Confessions of a Compulsive Collector: Retuning to Class Discussion and Reference to Amy Kaplan's Essay


     Returning  to our last discussion in class, turns out that a visit in a book fair this week proved the two collector types which we mentioned can occur for one individual. Both the 'multiple books collector' and the 'single unique book collector' if to feely title the two collecting types for the sake of distinction between the two.  In my case, I started that morning charging over the fiction/science-fiction section English books, piling up until ending up with approx. 25 used-though-decent-shaped books. By the way the fair was for donation purposes, all profits were to be used for the local community center.
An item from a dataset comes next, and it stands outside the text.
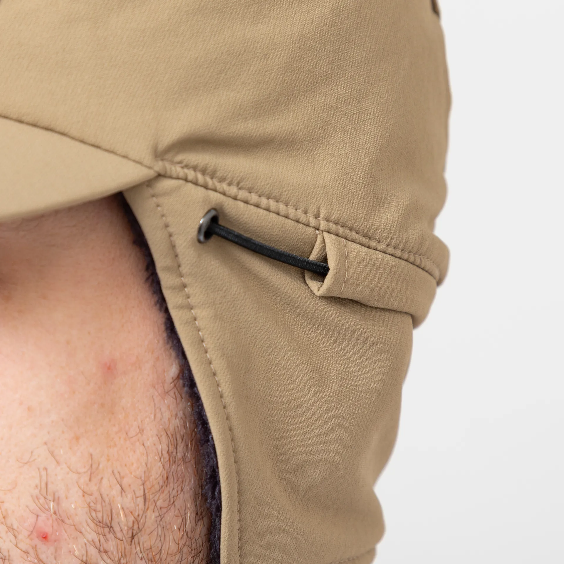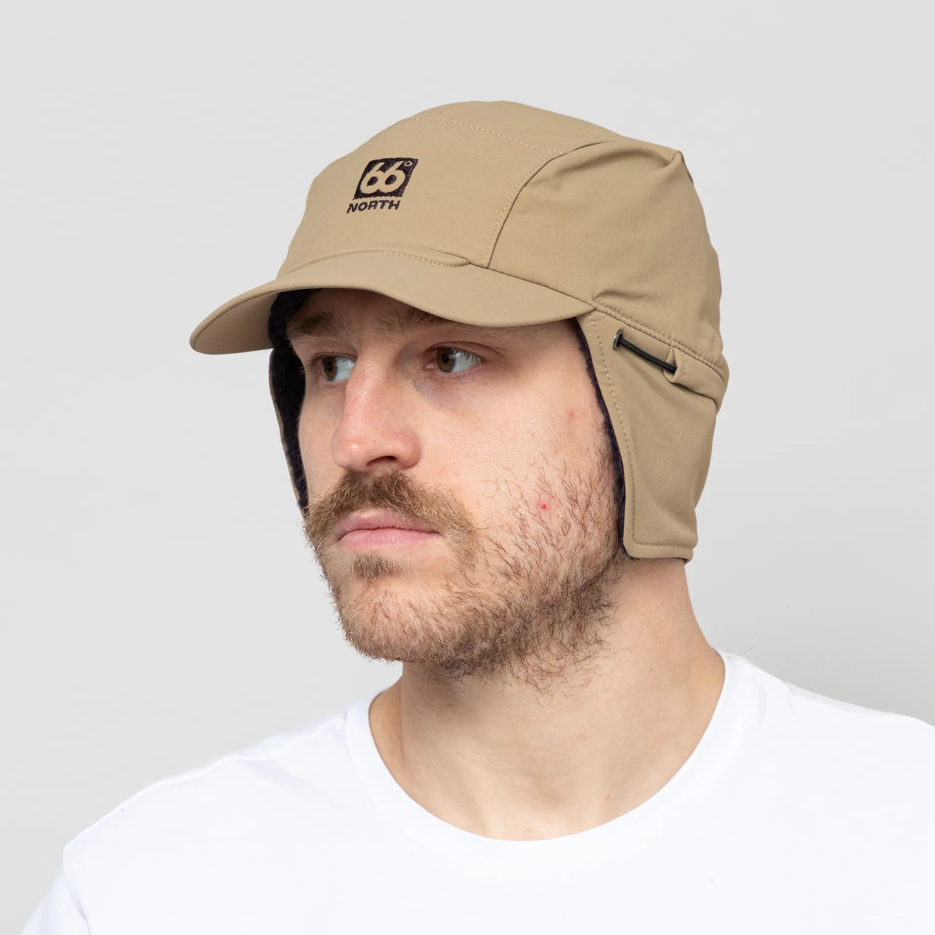 An insulated, windproof cap from 66 North, constructed with a four-way stretch shell and lined with Polartec Alpha. It features ear flaps, a flexible curved brim and a drawcord to adjust the fit. Finished with a tonal embroidered logo to the front.

So anyway I was leaving with literally a full box, considering myself once again qualifying for the 'multiple books collector,' thinking of all the new books which will now add up to my already existing collection, knowing that some I will probably read only in a few years ahead from now, and some perhaps never at all. All in all, I was very pleased. The thing was, that only later that day, after closely re-arranging the new lot carefully in a bag just before heading back home, it suddenly hit me that one book was apparently left out from my pile (it must have fallen aside unnoticed). I was amazed by this discovery since above all the ones I collected, this one felt the most significant. It was The Jason Voyage –The Quest for the Golden Fleece by Tim Severin (1985), and the only reason I would even remember it at all out of a sudden was that I was discussing it on the fair, about how we just mentioned the Mythology quest of the Golden Fleece and the conference session mentioning Madea etc., so it seemed interesting to have a look in this New Argonauts voyage and so very relevant for our Moby Dick voyage. So you could imagine my shock and disappointment once I realized it was gone.
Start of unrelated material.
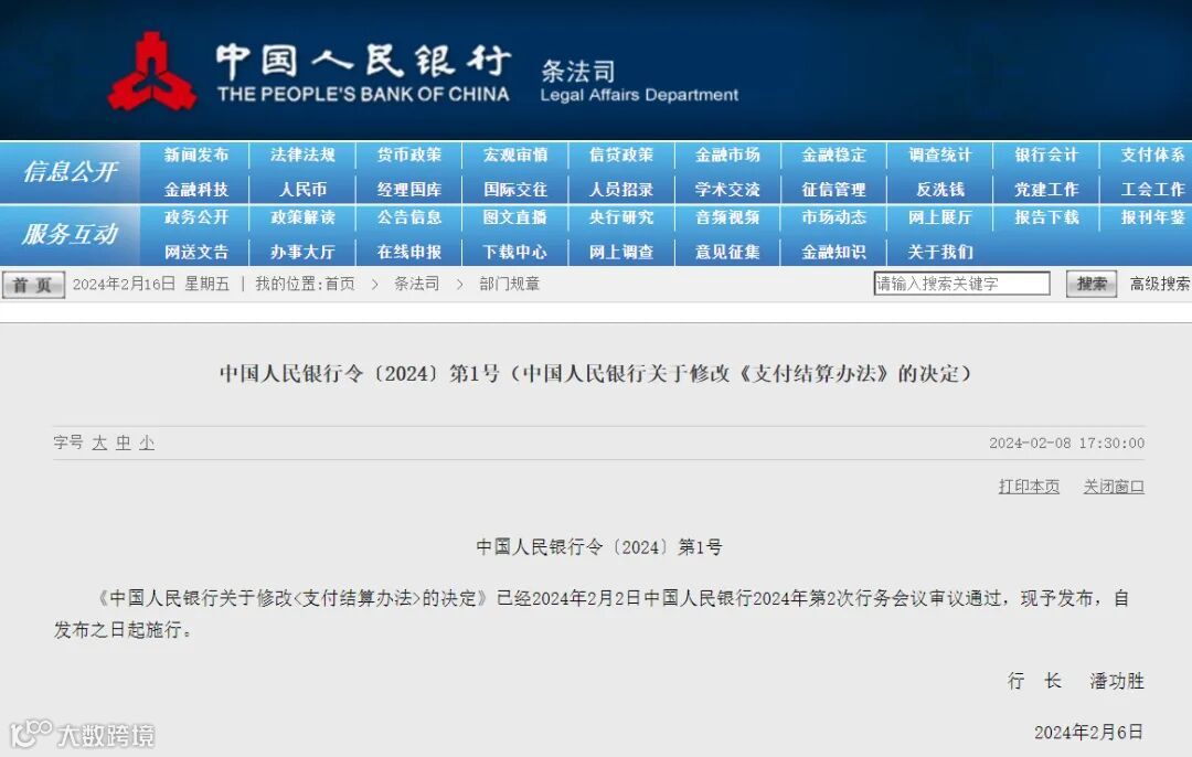 《中国人民银行关于修改〈支付结算办法〉的决定》已经2024年2月2日中国人民银行2024年第2次行务会议审议通过,现予发布,自发布之日起施行。

     My natural dilemma at that moment was that even if I return to the fair, what were my odds to re-find this single less than 300 pages (i.e. not one of the thick ones) piece among 20,000 books?! Nevertheless, as a good old fashioned obsessive book collector, naturally I just had to take my chances and decided to return once again to the fair. It took me about half an hour, and on the very last box I assigned myself for re-checking (I had a tight limited time schedule now due to we had to get back to pick up the kids), the Golden Fleece was found at last. Ironic or what?! On the drive home, I remember concluding this incident as one of the most realistic prof of a contemporary class I believe I ever had, thinking here I was a 'multiple books collector' in the morning, and a 'single unique book collector' in the evening of the same day. Quite the one-day-metaphorical-voyage I should say, maybe it's time for me to return boldly to Ulysses.
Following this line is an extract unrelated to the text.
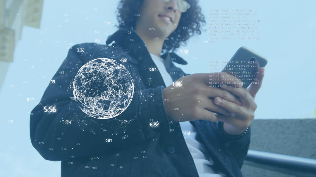 Man Engaged with Smartphone and Global Data Network Overlay Video

     Curiously enough, the above personal experience got me thinking also of Amy Kaplan's essay which we also discussed in class this week, "Transnational Melville."  Kaplan mentions that Knowledge in Moby Dick "crosses oceans, ships, and race; it is channeled thorough class hierarchies…" (Kaplan 44), and later on that "the threat of environmental catastrophe should make us feel part of a global community with a shred concern for the planet…" (Kaplan 51).  Of course these are significant high statements and quite the macro-cosmos concept in terms of global human relations, having nothing to do with the experience I just told. Yet, I still find it interesting, that after I found the missing book, I was so excited (probably not so much by now from the book itself, but from avoiding the disappointment notion of not finding it) that I shared my enthusiasm with the two elderly nice women who volunteered at the fair, one Israeli and one was coincidentally an American retired History school- teacher (turns out he was also a writer, him and his wife who was left abroad). Once they heard about my context and finding the desired novel, their enthusiasm in return was so genuine it felt as if the success was also their own. So in relation to Kaplan, for once, Knowledge seems indeed to cross oceans, since it was Moby Dick which has brought me the crave for putting an extra effort for finding that unique book, a book which for itself will provide a new future knowledge for me (since I've never read it). Secondly, although of course my experience was not about a catastrophe as Kaplan discussed, but I believe in a micro-cosmos it can be considered to be about communal sharing and relations, local and foreign. The nature of the fair, the kind of reactions of the volunteers, truly warms the heart and inspiring.